EXERCISE →
Of all the lines below, return only those starting with the line holding "Dnevna temperatura kretaće" and going on through the line holding "Ferienwohnung bietet Platz", exactly as written.

□ □ □

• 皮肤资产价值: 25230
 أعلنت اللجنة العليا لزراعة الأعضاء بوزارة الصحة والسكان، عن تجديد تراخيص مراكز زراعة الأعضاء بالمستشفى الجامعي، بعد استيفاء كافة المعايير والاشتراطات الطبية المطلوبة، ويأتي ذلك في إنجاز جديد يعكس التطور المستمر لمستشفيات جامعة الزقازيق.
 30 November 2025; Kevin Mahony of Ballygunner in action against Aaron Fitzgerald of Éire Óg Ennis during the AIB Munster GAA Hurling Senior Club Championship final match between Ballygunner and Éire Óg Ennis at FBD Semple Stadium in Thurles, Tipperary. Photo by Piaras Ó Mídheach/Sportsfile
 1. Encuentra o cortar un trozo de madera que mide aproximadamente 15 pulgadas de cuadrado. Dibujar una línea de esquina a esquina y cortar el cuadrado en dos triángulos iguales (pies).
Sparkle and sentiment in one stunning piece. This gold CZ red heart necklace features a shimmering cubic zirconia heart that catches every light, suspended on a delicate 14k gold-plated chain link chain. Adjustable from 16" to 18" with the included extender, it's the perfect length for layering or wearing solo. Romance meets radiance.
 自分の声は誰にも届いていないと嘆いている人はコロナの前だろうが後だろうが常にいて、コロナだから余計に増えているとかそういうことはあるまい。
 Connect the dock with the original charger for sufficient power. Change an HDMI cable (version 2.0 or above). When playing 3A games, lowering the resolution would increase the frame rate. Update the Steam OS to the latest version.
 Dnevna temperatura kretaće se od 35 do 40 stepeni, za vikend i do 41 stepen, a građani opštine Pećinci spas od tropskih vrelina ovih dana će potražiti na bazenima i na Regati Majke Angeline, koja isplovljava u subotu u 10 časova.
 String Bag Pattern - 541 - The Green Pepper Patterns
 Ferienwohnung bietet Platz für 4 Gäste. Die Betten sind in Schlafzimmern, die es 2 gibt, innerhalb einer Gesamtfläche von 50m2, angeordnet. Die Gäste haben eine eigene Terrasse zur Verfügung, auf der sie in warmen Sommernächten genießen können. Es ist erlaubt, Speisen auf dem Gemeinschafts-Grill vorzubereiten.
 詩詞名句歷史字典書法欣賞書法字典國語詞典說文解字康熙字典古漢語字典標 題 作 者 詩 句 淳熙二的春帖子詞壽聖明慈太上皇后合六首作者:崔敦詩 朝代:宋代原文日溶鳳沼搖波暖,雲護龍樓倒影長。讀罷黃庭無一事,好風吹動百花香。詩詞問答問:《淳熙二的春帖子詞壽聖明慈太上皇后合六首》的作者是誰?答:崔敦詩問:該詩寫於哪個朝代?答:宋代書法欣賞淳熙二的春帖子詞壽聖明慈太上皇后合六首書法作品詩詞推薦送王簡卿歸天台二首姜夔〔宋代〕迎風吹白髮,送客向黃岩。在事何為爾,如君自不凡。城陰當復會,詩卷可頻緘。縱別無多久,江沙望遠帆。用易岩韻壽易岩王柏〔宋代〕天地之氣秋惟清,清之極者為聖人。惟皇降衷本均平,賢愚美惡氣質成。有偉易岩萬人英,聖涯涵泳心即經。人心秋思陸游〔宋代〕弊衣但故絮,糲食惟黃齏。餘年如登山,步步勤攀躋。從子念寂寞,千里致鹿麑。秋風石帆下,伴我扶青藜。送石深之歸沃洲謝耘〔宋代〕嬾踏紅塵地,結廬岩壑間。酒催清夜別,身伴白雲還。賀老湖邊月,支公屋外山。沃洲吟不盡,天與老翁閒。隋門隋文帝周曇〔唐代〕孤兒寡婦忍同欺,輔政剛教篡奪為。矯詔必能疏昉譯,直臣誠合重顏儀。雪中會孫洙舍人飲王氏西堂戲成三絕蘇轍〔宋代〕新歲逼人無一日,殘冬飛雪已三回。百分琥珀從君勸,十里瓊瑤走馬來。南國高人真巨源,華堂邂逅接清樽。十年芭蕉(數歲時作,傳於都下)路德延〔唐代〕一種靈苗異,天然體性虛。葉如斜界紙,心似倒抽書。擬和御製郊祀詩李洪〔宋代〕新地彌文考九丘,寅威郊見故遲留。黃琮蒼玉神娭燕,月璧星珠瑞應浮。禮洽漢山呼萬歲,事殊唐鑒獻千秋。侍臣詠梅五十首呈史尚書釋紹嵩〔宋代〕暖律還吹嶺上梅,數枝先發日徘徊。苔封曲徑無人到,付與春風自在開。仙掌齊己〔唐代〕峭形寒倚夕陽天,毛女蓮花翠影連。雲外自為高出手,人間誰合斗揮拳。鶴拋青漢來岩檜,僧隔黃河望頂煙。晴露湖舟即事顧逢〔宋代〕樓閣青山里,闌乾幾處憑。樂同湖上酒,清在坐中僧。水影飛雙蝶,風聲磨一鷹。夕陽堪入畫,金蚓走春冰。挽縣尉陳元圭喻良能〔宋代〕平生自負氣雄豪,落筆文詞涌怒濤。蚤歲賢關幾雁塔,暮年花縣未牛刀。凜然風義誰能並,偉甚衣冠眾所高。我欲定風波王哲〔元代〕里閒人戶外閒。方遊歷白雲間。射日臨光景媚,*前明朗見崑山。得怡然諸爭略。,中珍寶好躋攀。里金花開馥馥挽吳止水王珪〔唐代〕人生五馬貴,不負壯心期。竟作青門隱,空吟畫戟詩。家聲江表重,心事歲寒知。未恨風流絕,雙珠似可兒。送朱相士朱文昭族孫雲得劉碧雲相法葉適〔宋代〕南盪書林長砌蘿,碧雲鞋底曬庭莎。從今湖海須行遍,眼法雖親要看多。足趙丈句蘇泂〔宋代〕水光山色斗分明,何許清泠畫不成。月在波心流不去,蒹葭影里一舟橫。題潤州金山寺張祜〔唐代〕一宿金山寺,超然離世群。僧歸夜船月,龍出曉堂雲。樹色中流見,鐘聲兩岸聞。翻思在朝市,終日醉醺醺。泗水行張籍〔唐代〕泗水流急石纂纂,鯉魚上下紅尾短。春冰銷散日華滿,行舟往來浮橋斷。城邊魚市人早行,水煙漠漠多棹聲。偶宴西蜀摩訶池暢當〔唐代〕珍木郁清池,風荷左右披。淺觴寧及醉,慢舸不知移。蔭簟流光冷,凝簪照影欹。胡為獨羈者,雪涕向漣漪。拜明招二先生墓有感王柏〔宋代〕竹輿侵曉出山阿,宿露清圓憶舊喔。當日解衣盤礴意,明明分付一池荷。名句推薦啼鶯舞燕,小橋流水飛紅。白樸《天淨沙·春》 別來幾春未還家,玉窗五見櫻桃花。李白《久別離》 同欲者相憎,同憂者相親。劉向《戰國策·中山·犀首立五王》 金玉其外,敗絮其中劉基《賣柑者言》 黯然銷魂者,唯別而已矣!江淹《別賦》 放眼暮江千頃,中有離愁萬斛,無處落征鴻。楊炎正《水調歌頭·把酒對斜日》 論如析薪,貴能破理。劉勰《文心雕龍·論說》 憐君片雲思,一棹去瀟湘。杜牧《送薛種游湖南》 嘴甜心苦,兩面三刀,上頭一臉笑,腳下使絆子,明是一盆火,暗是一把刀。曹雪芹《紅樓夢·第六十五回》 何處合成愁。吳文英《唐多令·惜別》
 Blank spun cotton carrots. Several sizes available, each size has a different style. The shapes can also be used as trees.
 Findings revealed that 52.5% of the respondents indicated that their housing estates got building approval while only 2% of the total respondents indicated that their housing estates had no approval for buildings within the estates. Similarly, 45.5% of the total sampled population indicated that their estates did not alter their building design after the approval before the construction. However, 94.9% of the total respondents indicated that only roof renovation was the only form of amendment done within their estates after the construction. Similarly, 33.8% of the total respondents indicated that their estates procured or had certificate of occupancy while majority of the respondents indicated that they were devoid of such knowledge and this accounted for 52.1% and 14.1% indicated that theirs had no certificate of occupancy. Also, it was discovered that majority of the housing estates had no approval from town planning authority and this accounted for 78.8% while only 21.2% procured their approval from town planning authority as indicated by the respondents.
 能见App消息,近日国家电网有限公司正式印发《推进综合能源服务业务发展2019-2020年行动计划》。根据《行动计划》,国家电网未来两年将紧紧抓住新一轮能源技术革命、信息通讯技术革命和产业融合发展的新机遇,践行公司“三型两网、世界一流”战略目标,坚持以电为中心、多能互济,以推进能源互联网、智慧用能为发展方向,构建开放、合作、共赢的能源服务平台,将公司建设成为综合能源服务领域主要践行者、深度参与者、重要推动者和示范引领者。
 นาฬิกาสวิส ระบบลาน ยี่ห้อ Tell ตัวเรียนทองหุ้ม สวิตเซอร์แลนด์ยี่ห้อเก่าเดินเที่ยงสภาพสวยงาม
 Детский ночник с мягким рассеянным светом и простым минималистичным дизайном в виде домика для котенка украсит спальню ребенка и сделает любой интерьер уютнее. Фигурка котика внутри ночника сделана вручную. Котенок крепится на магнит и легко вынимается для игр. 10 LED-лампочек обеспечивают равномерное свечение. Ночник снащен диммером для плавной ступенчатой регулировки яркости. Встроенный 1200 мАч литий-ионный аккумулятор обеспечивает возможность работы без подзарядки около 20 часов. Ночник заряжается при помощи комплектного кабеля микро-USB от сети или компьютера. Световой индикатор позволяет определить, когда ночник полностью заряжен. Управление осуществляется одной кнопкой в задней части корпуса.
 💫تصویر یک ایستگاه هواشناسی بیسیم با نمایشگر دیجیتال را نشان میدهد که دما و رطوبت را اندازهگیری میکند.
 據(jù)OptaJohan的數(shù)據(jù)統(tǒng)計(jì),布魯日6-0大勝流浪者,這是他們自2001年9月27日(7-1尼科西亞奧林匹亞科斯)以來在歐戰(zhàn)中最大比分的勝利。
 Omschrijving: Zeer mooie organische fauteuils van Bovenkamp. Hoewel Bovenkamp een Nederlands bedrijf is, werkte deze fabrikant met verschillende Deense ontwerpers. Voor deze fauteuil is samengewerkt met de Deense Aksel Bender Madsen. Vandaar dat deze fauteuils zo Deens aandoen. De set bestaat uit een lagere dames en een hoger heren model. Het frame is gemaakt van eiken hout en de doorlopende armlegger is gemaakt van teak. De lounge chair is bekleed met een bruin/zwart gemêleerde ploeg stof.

□ □ □

RESPONSE BELOW →
 Dnevna temperatura kretaće se od 35 do 40 stepeni, za vikend i do 41 stepen, a građani opštine Pećinci spas od tropskih vrelina ovih dana će potražiti na bazenima i na Regati Majke Angeline, koja isplovljava u subotu u 10 časova.
 String Bag Pattern - 541 - The Green Pepper Patterns
 Ferienwohnung bietet Platz für 4 Gäste. Die Betten sind in Schlafzimmern, die es 2 gibt, innerhalb einer Gesamtfläche von 50m2, angeordnet. Die Gäste haben eine eigene Terrasse zur Verfügung, auf der sie in warmen Sommernächten genießen können. Es ist erlaubt, Speisen auf dem Gemeinschafts-Grill vorzubereiten.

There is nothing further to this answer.